The US 10-year burst above the 3.5% barrier today to reach its highest level since February 2011, while the 30-year yield touched 3.61%, its highest level since April 2014. These developments came ahead of the Fed's rate announcement.

 

 

Whenever there is a chance for investors to earn money after a relief rally, they seize it. Given all that is going on in the world right now, why would they not? The economic prognosis is still bleak.


Although inflation may have subsided a little, it is still excessive and may continue to rise for a longer period of time than anticipated. This occurred once more this week. US index futures had risen into Monday's close, but they began to decline after the new day in Asia had begun, and the selling persisted until the US cash markets had opened. As increasing interest rate forecasts continue to put pressure on zero-yielding assets, gold and silver plummeted. The former is still under pressure after breaking to a new low for the year below $1680 last week.

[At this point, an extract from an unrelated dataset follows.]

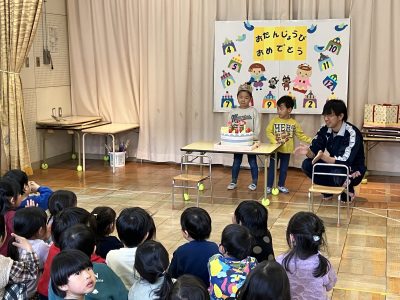 今年度は、3月が最終の誕生会、1年間に12回のとっても嬉しい誕生会です。
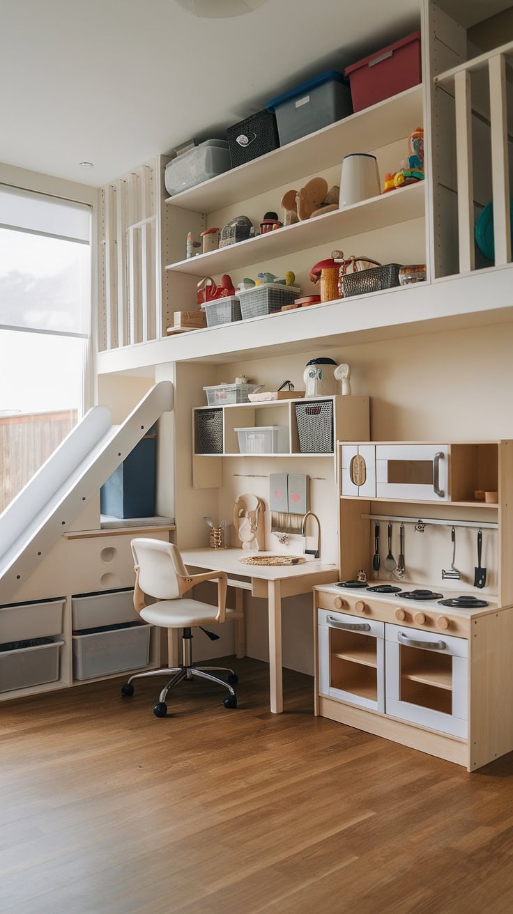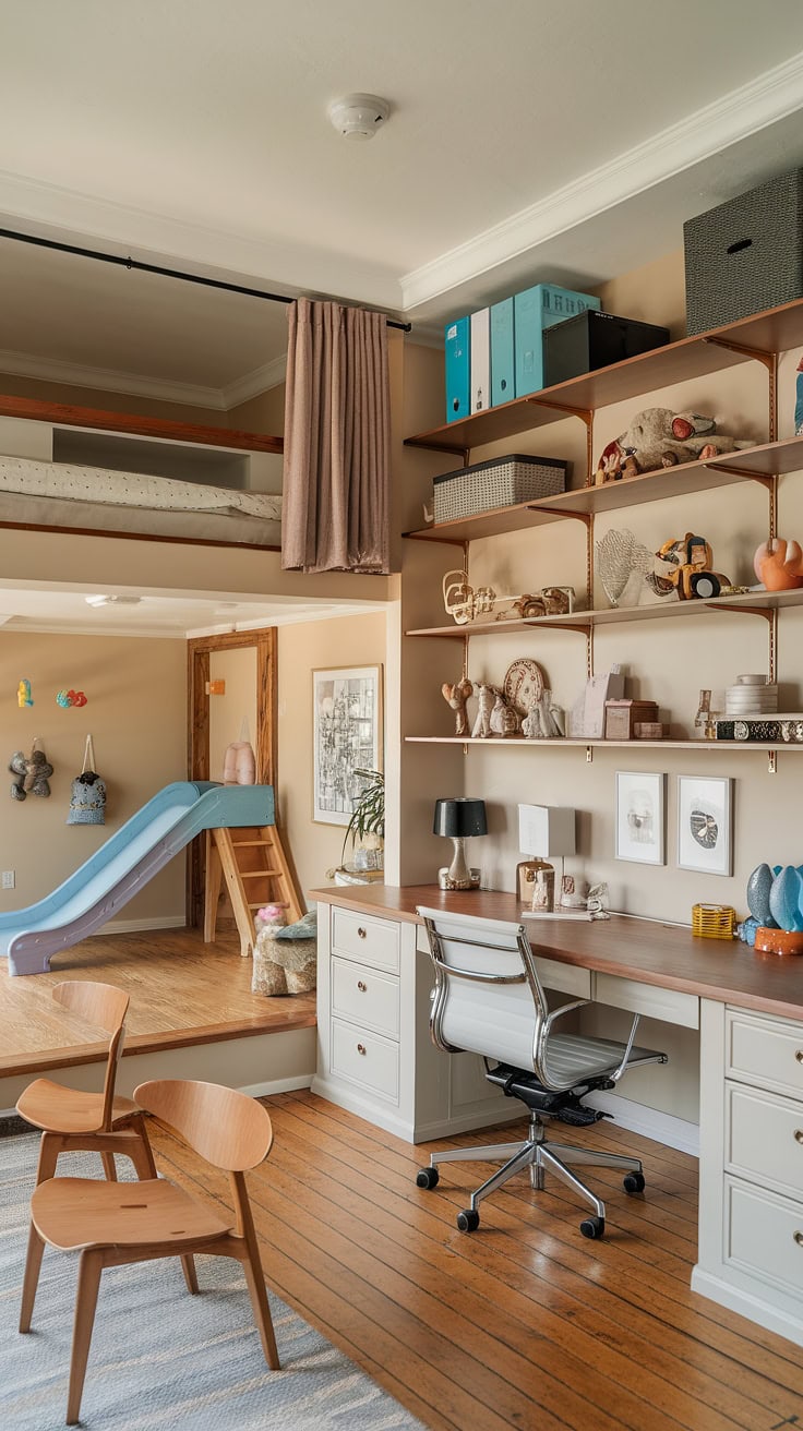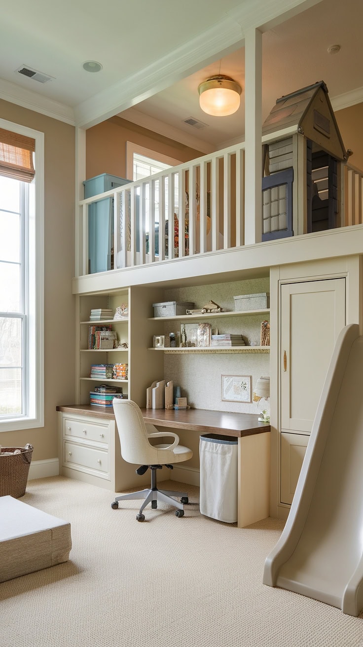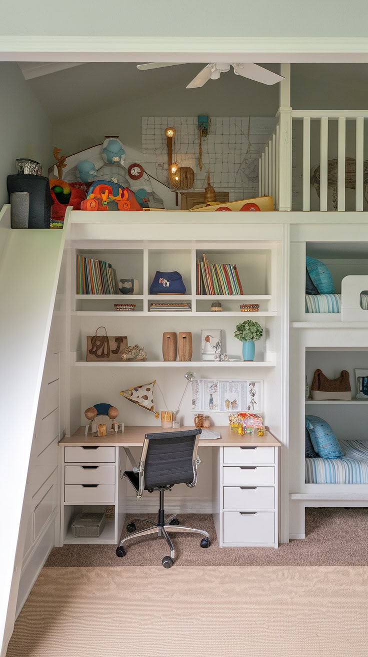 Maximizing at-home work life, this combined office-playroom features a prominent loft complete with a slide and built-in storage solutions. It creates an inspiring environment suitable for homeschooling or acting as a guest-friendly space, ideal for boys sharing a room.

In the future, everything will depend on when interest rate increases are fully priced. The stock market won't be able to shine very brilliantly until this takes place. Incoming data, particularly inflation data, largely determines how quickly the markets will price in rate rises.


Given those longer-term lower lows and lower highs, the Dow Jones is still moving down and is comfortably above the market. The 200-day moving average is now heading lower. Resistance is replacing old supports. One such region is the area around 31000, where the index previously made a reversal. But as of right now, this region has turned into resistance, indicating that sellers continue to have complete influence over price activity. From here, the Dow might decline near its summer low in front of a busy week.